Exercise aim: I would like the records restated word for word, without the pictures.

The data Start Marker

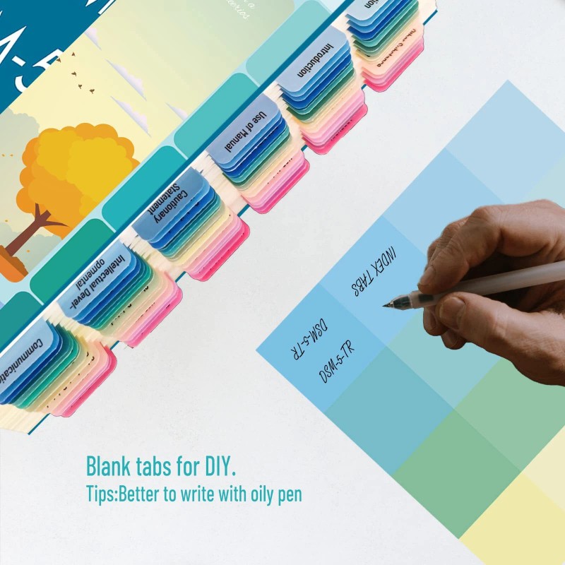 PACKAGE CONTENTS - There are 94Pcs preprinted DSM-5 TR index tabs, 18 Pcs pastel blank colored tabs, 2 sheeets of abbreviation cards, 1 agliment guide and 1 bookmark.
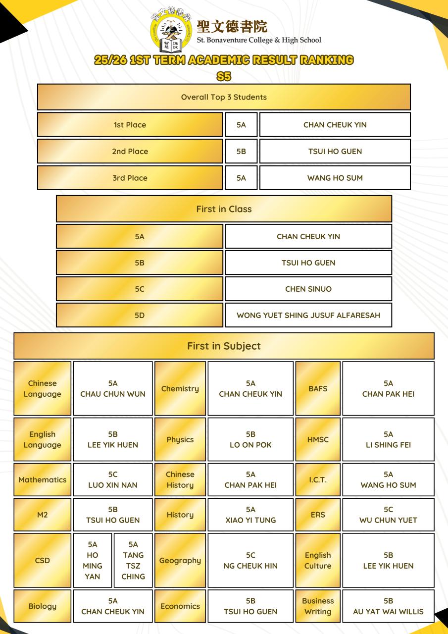 2025-2026 1st term Academic Result Ranking [S1-S5]
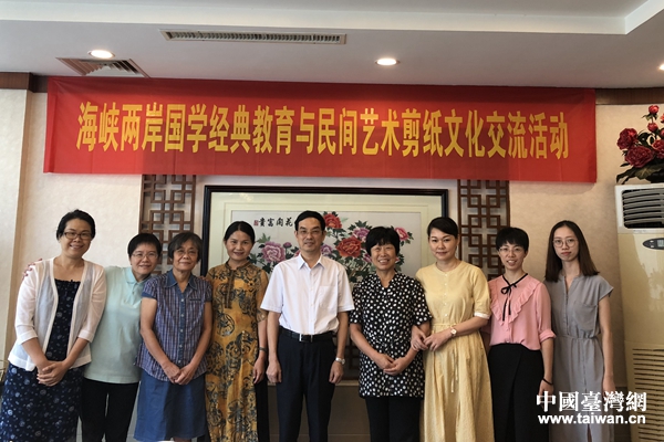 海峽兩岸國學(xué)經(jīng)典教育民間藝術(shù)剪紙交流活動在贛州舉行。(圖片來源:江西省臺辦)
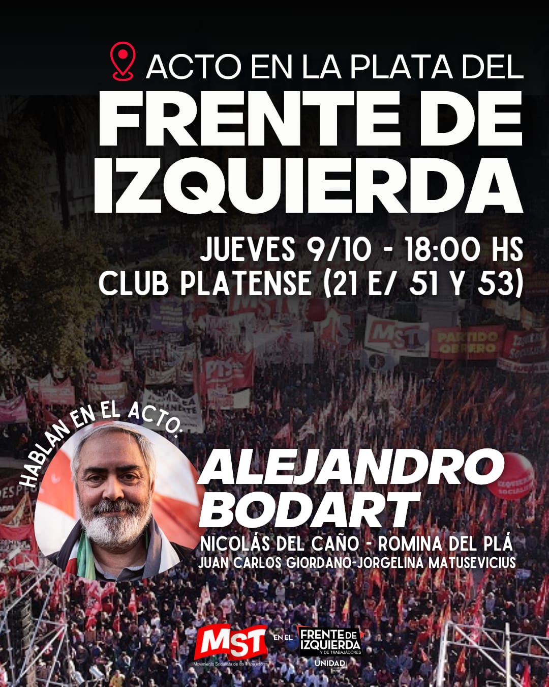 El Frente de Izquierda realizará su acto de cierre de campaña de Provincia y CABA frente a la Embajada de EEUU. Entre los principales oradores junto a Myriam Bregman y Nicolás del Caño, lo harán el actual diputado nacional Juan Carlos Giordano (Izquierda Socialista/FIT Unidad), candidato a renovar su banca por Pcia. de Bs.As. y la diputada nacional Mercedes de Mendieta (Izquierda Socialista/FIT Unidad), candidata a renovar su banca en CABA. GACETILLA | IMÁGENES: 01 02 ---------------------------------------------------------------------- Mercedes de Mendieta y Juan Carlos Giordano: "Solo el Frente de Izquierda Unidad llama a derrotar el pacto colonial de Milei con Donald Trump, que traerá más entrega y sometimiento. Denunciando que el promocionado salvataje será para los bancos y los usureros internacionales, no para el pueblo trabajador. Este 26 de octubre llamamos a votar al FIT Unidad para romper las cadenas con EEUU y el FMI". ---------------------------------------------------------------------- Lugar: Embajada de EEUU, Av. Colombia 4300 ---------------------------------------------------------------------- CONTACTOS P/NOTAS: -Mercedes De Mendieta, 116-542-5363 -Juan Carlos Giordano, 113-119-3003 -Prensa de Izquierda Socialista, 116-054-0129 ----------------------------------------------------------------------
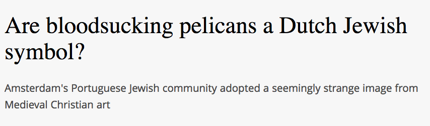 On the surface, the connection to Judaism would seem doubtful since the Hebrew word for Pelican is ka’ath, which means vomit.
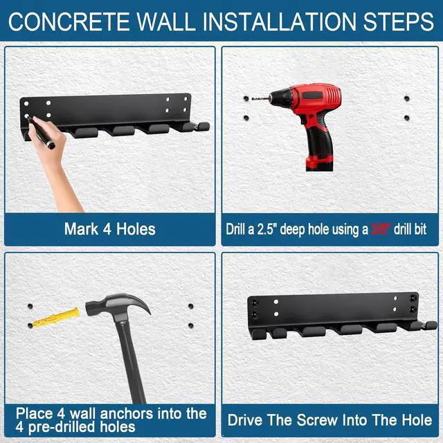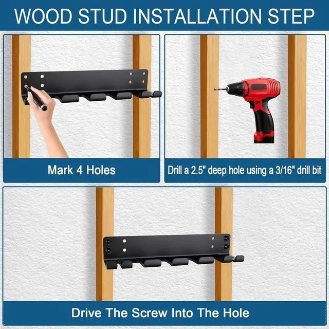 Quick & Secure Installation: Includes all necessary mounting hardware for wood studs or concrete walls. Pre-drilled hole spacing (12", 14", and 16" ) is compatible with standard wall studs. When properly installed, the rack supports up to 600 lbs of weight safely
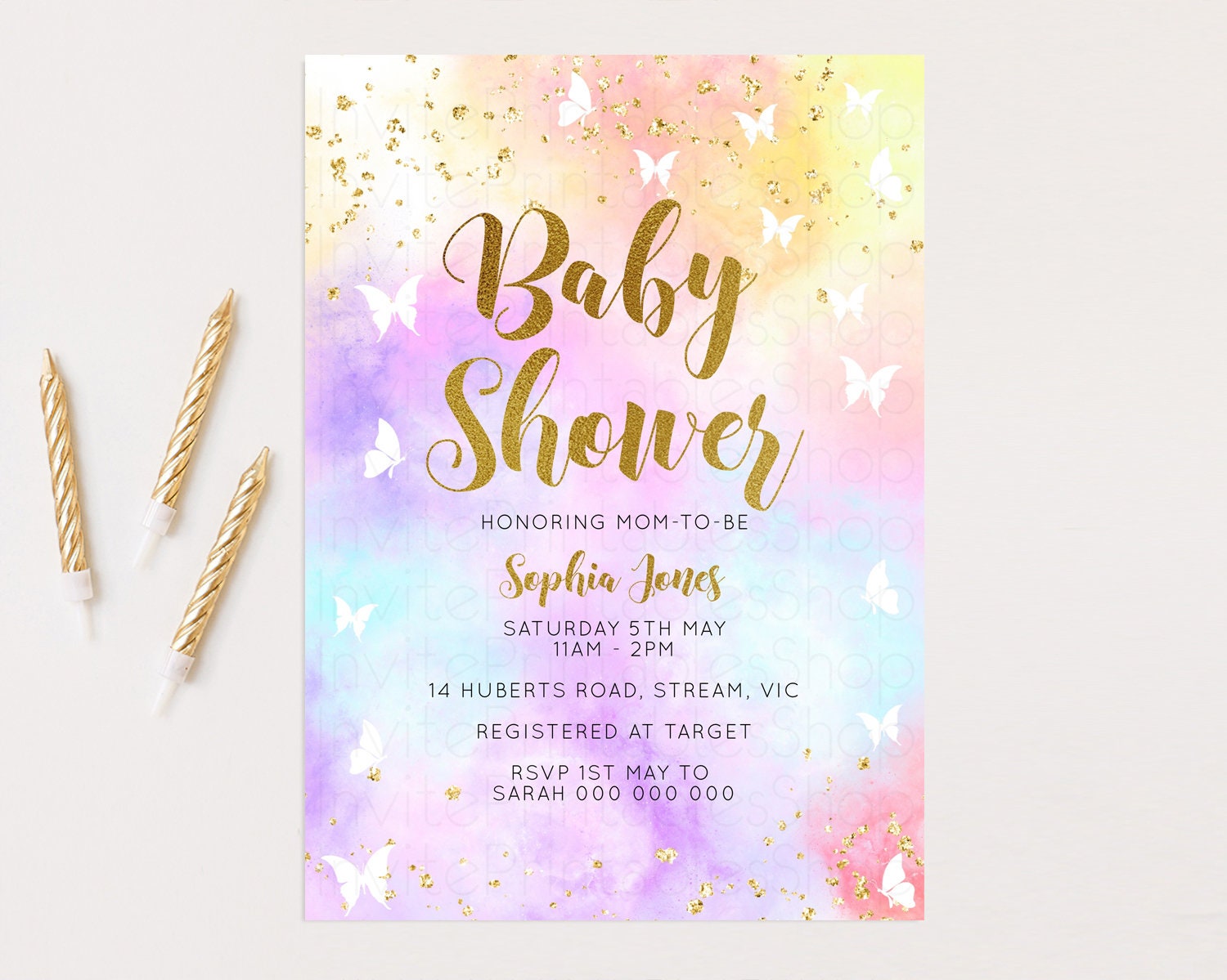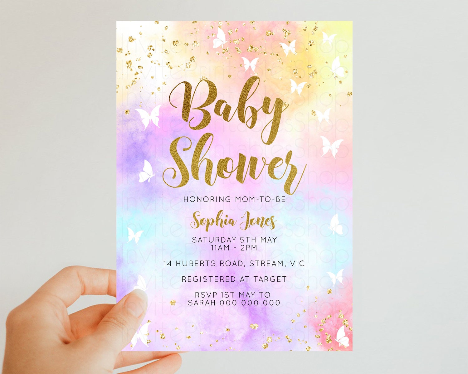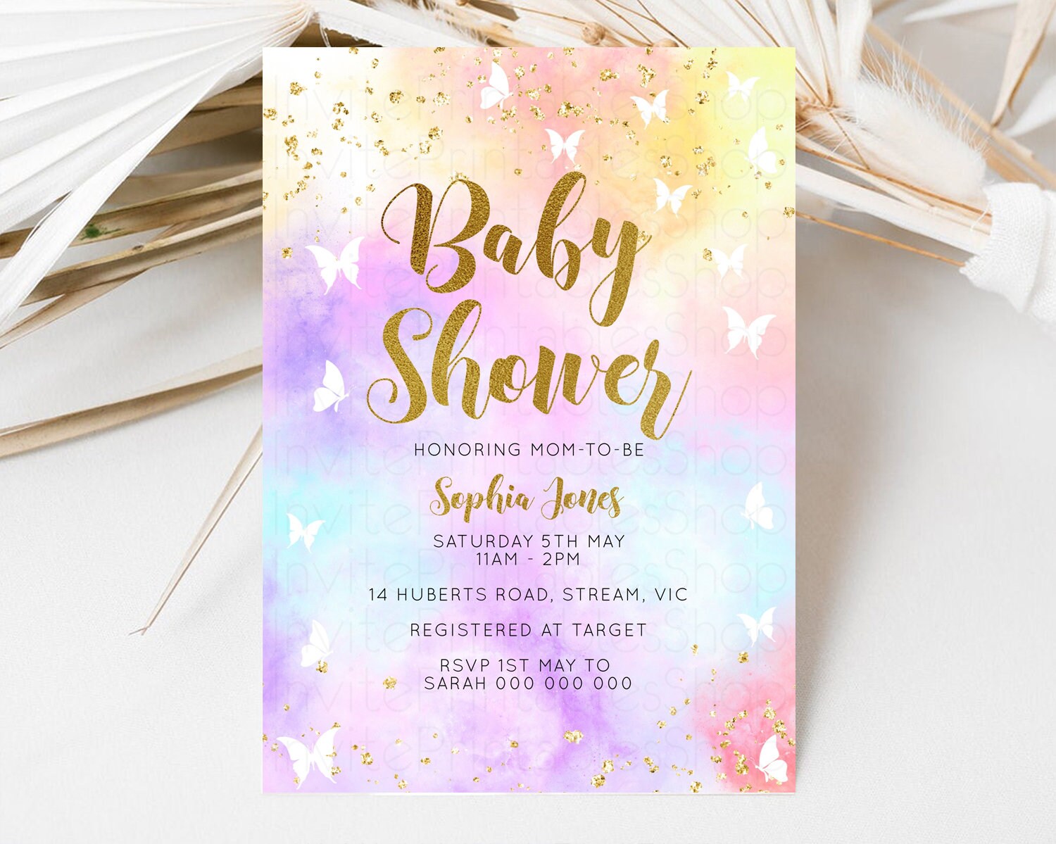 Rainbow Baby Shower Invitation Pastel Baby Sower Invitation Colorful Invite Sprinkle Confetti Watercolor Butterfly Baby Shower Invite D10435
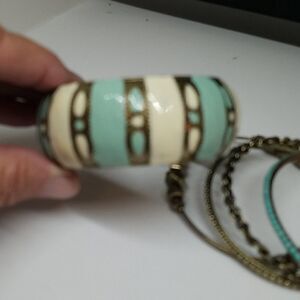 These 7 bangle bracelets go great together or wear them separately. Copper tone on all with teal and white accents. Pre-owned and in excellent condition. All offers welcome.
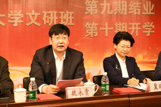 PA游戏官网入口经理魏永贵教授致辞,他首先介绍了第九期文研班的总体教学安排和学员们所取得的研修成果,并向圆满结业的第九期文研班学员表达了祝贺。作为公司负责人,在毕业之际,魏永贵教授深切期望全体学员要记住学业锤炼的美好过往,持重向前。其次介绍了PA视讯官方网站第十期文研班暨乌兰牧骑文艺创作人员研修班人员构成等基本情况,希望学员们把握并感受当前伟大的新时代,努力创作,永葆对事业的初心。
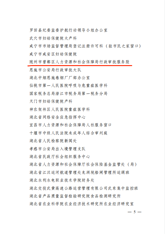 曾都区人力资源和社会保障局行政审批服务股的娘子军们深耕本职,精准服务,热心公益。她们用女性独有的柔情、细心、耐力,坚守人社前沿窗口,用“23℃人社服务”让每位办事群众乘兴而来、满意而归;在全省率先试点推行“职业中介开办一件事”,持续推进群众办件便利化;深入推进“高效办成一件事”改革,打造行政审批新场景,让企业、群众“少跑腿”“快办事”;踊跃参加扶贫帮困、结对助学等活动,“一灯一桌椅,点亮书香梦圆梦微心愿”给困境儿童以物质关心和情感关爱,尽显巾帼奉献。

The data End Marker

Expected answer:
 PACKAGE CONTENTS - There are 94Pcs preprinted DSM-5 TR index tabs, 18 Pcs pastel blank colored tabs, 2 sheeets of abbreviation cards, 1 agliment guide and 1 bookmark.
 2025-2026 1st term Academic Result Ranking [S1-S5]
 海峽兩岸國學(xué)經(jīng)典教育民間藝術(shù)剪紙交流活動在贛州舉行。(圖片來源:江西省臺辦)
 El Frente de Izquierda realizará su acto de cierre de campaña de Provincia y CABA frente a la Embajada de EEUU. Entre los principales oradores junto a Myriam Bregman y Nicolás del Caño, lo harán el actual diputado nacional Juan Carlos Giordano (Izquierda Socialista/FIT Unidad), candidato a renovar su banca por Pcia. de Bs.As. y la diputada nacional Mercedes de Mendieta (Izquierda Socialista/FIT Unidad), candidata a renovar su banca en CABA. GACETILLA | IMÁGENES: 01 02 ---------------------------------------------------------------------- Mercedes de Mendieta y Juan Carlos Giordano: "Solo el Frente de Izquierda Unidad llama a derrotar el pacto colonial de Milei con Donald Trump, que traerá más entrega y sometimiento. Denunciando que el promocionado salvataje será para los bancos y los usureros internacionales, no para el pueblo trabajador. Este 26 de octubre llamamos a votar al FIT Unidad para romper las cadenas con EEUU y el FMI". ---------------------------------------------------------------------- Lugar: Embajada de EEUU, Av. Colombia 4300 ---------------------------------------------------------------------- CONTACTOS P/NOTAS: -Mercedes De Mendieta, 116-542-5363 -Juan Carlos Giordano, 113-119-3003 -Prensa de Izquierda Socialista, 116-054-0129 ----------------------------------------------------------------------
 On the surface, the connection to Judaism would seem doubtful since the Hebrew word for Pelican is ka’ath, which means vomit.
 Quick & Secure Installation: Includes all necessary mounting hardware for wood studs or concrete walls. Pre-drilled hole spacing (12", 14", and 16" ) is compatible with standard wall studs. When properly installed, the rack supports up to 600 lbs of weight safely
 Rainbow Baby Shower Invitation Pastel Baby Sower Invitation Colorful Invite Sprinkle Confetti Watercolor Butterfly Baby Shower Invite D10435
 These 7 bangle bracelets go great together or wear them separately. Copper tone on all with teal and white accents. Pre-owned and in excellent condition. All offers welcome.
 PA游戏官网入口经理魏永贵教授致辞,他首先介绍了第九期文研班的总体教学安排和学员们所取得的研修成果,并向圆满结业的第九期文研班学员表达了祝贺。作为公司负责人,在毕业之际,魏永贵教授深切期望全体学员要记住学业锤炼的美好过往,持重向前。其次介绍了PA视讯官方网站第十期文研班暨乌兰牧骑文艺创作人员研修班人员构成等基本情况,希望学员们把握并感受当前伟大的新时代,努力创作,永葆对事业的初心。
 曾都区人力资源和社会保障局行政审批服务股的娘子军们深耕本职,精准服务,热心公益。她们用女性独有的柔情、细心、耐力,坚守人社前沿窗口,用“23℃人社服务”让每位办事群众乘兴而来、满意而归;在全省率先试点推行“职业中介开办一件事”,持续推进群众办件便利化;深入推进“高效办成一件事”改革,打造行政审批新场景,让企业、群众“少跑腿”“快办事”;踊跃参加扶贫帮困、结对助学等活动,“一灯一桌椅,点亮书香梦圆梦微心愿”给困境儿童以物质关心和情感关爱,尽显巾帼奉献。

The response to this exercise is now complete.